Be gracious and polite. You don’t know who will eventually be a cool person who “made” it. Tell the people whose work you admire that you admire their work. Admiration is also fuel. Unfortunately, grudges outweigh admiration, but saving every nice thing anyone ever said about your work and returning to that instead of your deep need to prove the world wrong is definitely the healthier option out of the two. Artists unfortunately are not healthy —they are deeply disturbed.
Don’t make your survival job something so difficult that it sucks up all of your time and energy. It doesn’t love you, it will let you go or lay you off, even when you did everything right. That’s just business. So all you owe them is getting the job that they are paying you to do, done. No more. No less. It’s a trap to give it any more, then it might become your thing. It is not your thing. Your art is your thing.

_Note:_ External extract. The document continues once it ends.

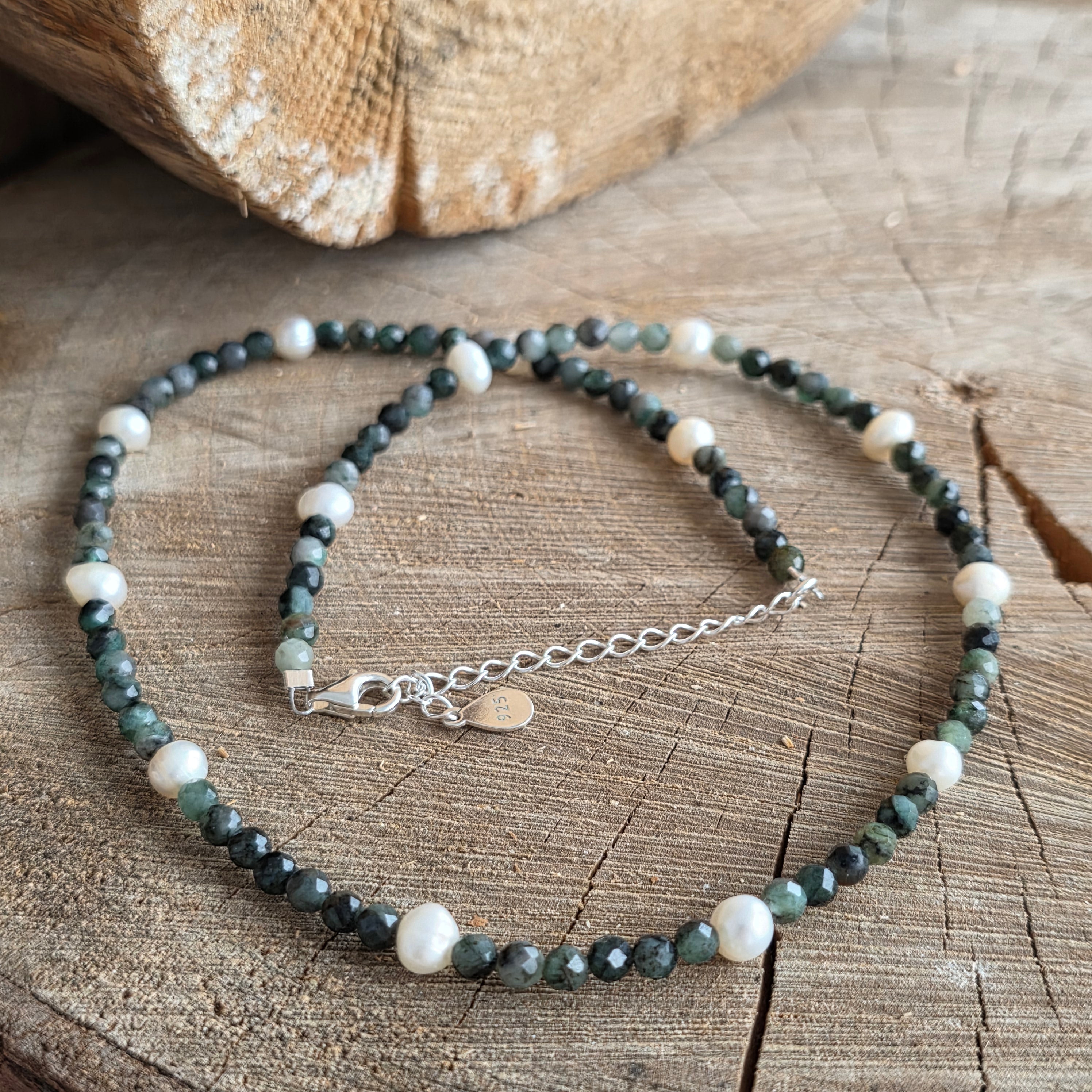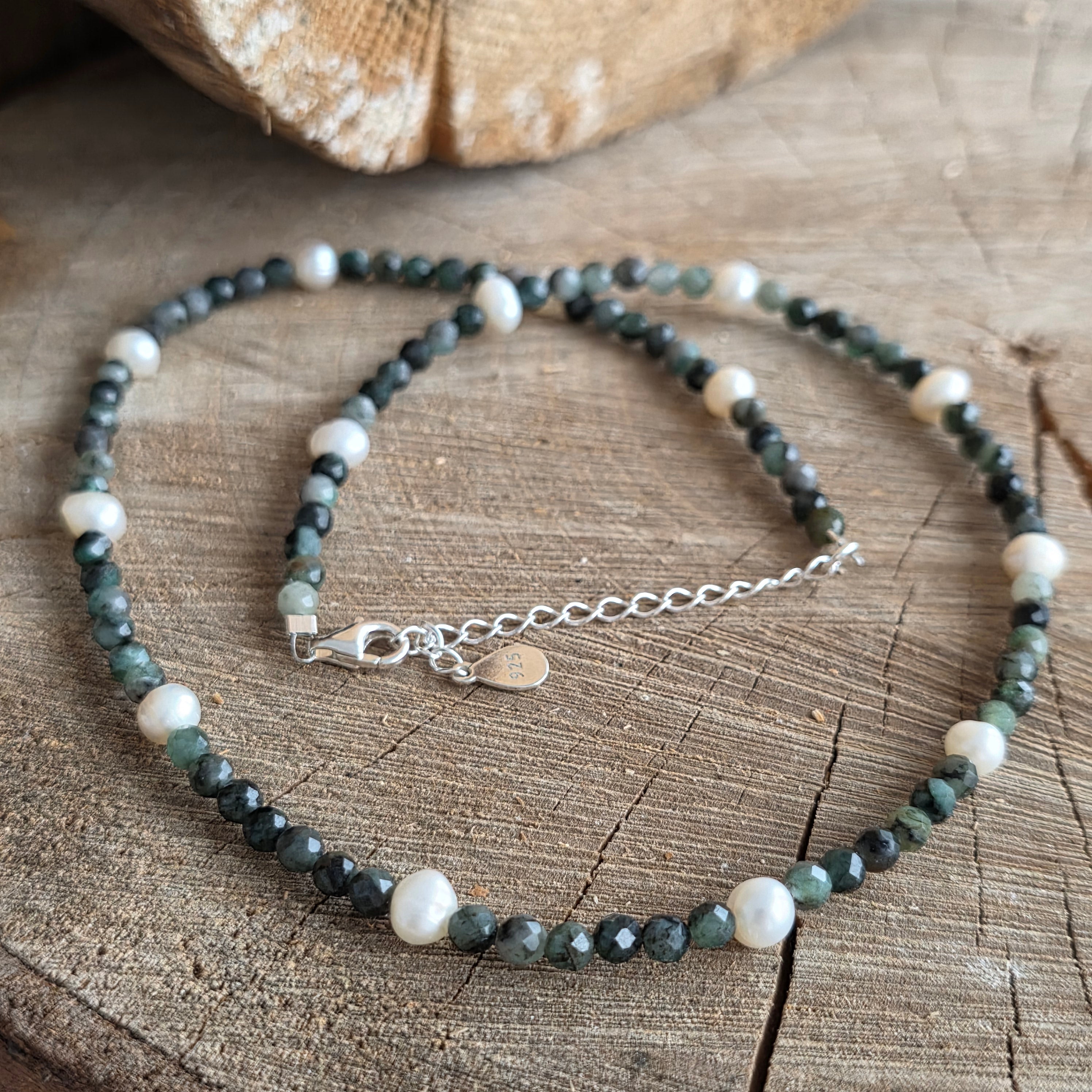 Materiale: smarald fațetat 3-4 mm,14 perle 5 mm, argint 925

On the other hand, there is nothing poetic about being a starving artist. You can’t create if you’re worried about paying rent. Why are you living in New York if you’re not living in New York!! You know what I mean.
Don’t wait for someone to say yes for you to do it. There are so few yeses. So many more no’s. Infinite amounts of no’s, piles and piles of no’s, so don’t say no to yourself. Let everyone else do that, until hopefully someday someone important says yes.

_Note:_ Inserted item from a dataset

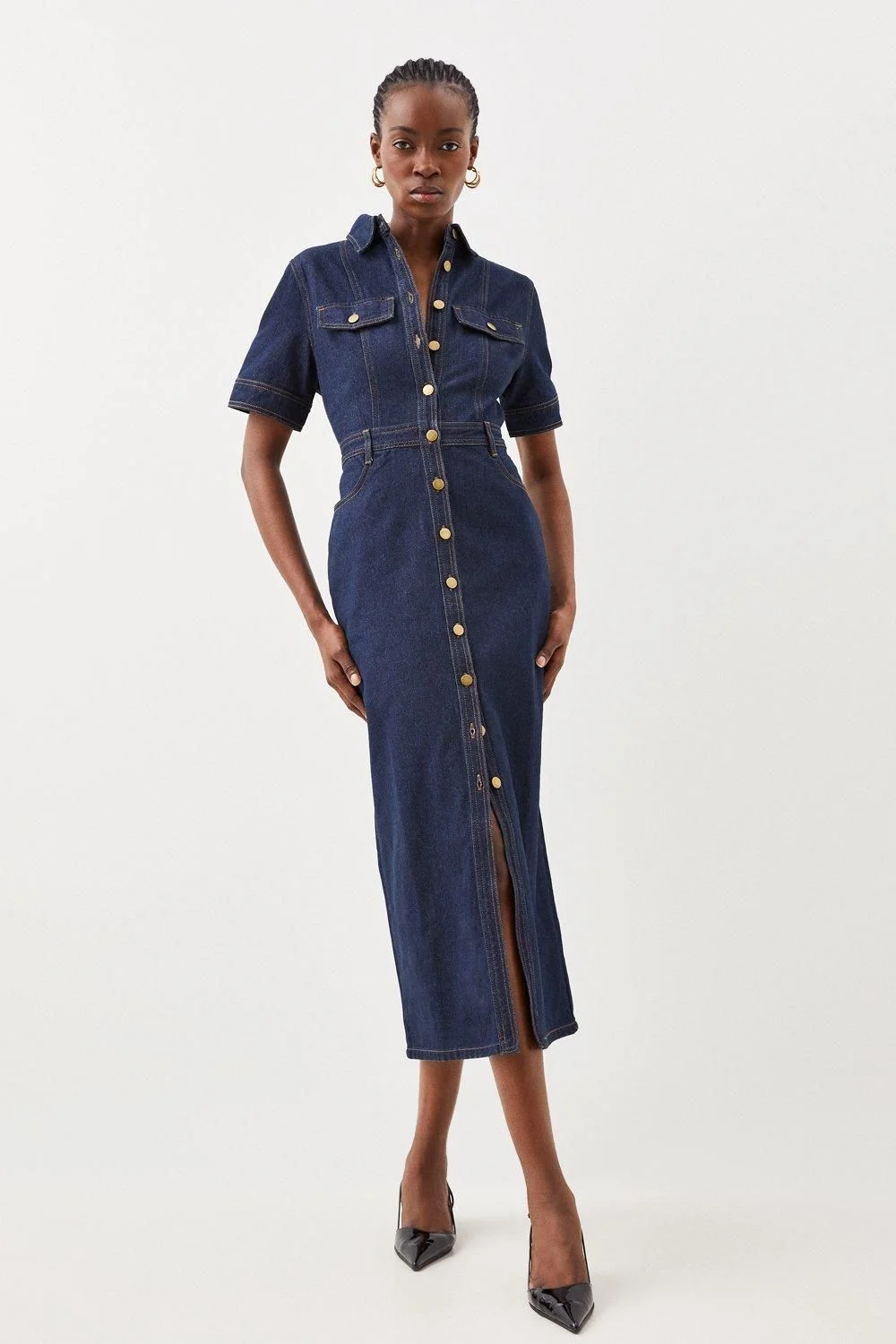Bring a style statement to casual occasions with this maxi shirt dress, crafted from premium denim fabric with a button-down design and short sleeves for practicality, while pocket flaps, a front split hem and belt loops add elevated details.Maxi hemlineDenim fabricShort sleevesButton detailingExpertly designed for those 5'3" and under, our Petite pieces are perfectly proportioned for a smaller frame using shorter lengths. Product Details & Care Main: 85% Cotton, 10% Rayon, 5% Polyester. Wash with similar colours. Due to the nature of the dying process there may be some colour transfer onto garments and upholstery. Model wears UK 8/US 4. Item length 129cm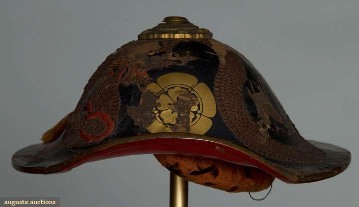 Black lacquered metal, brass top ornament, painted metal dragon circles crown, padded red cotton lining, poor. CHRYSLER MUSEUM

When I daydream on my commute, it’s of being someone important who says yes to other people.
Celebrate your wins. We let our losses outweigh our wins. We will forget a win the next day, but brood about a loss for years. And fuck that! Commemorate the win! Soak in it! Frame it! Tattoo it on your body! Get a goddamn cake!
Take nudes…now. Don’t wait! You’ll want those! Save them somewhere encrypted. Print them and bury them in a time capsule to return to when you’re 90.
Don’t make your main collaborator your boyfriend. When it ends, you’ll really miss the sketches.
When I say “art,” ultimately I am talking about vibrator jokes so have fun. Don’t let the stress of trying to be a cool person that “made” it, rob you of the reason you wanted to do it in the first place. Though, clearly, sometimes it feels impossible and often it sucks. But I would rather all of this suck than devoting my one life to hours of meaningless, stupid little tasks until I’m 90, taking in my preserved 60-year-old nudes like, wow that gorgeous, perky, taut girl didn’t accomplish a single thing. That would suck so much more. I’d rather my life be sucky and impossible…and beautiful.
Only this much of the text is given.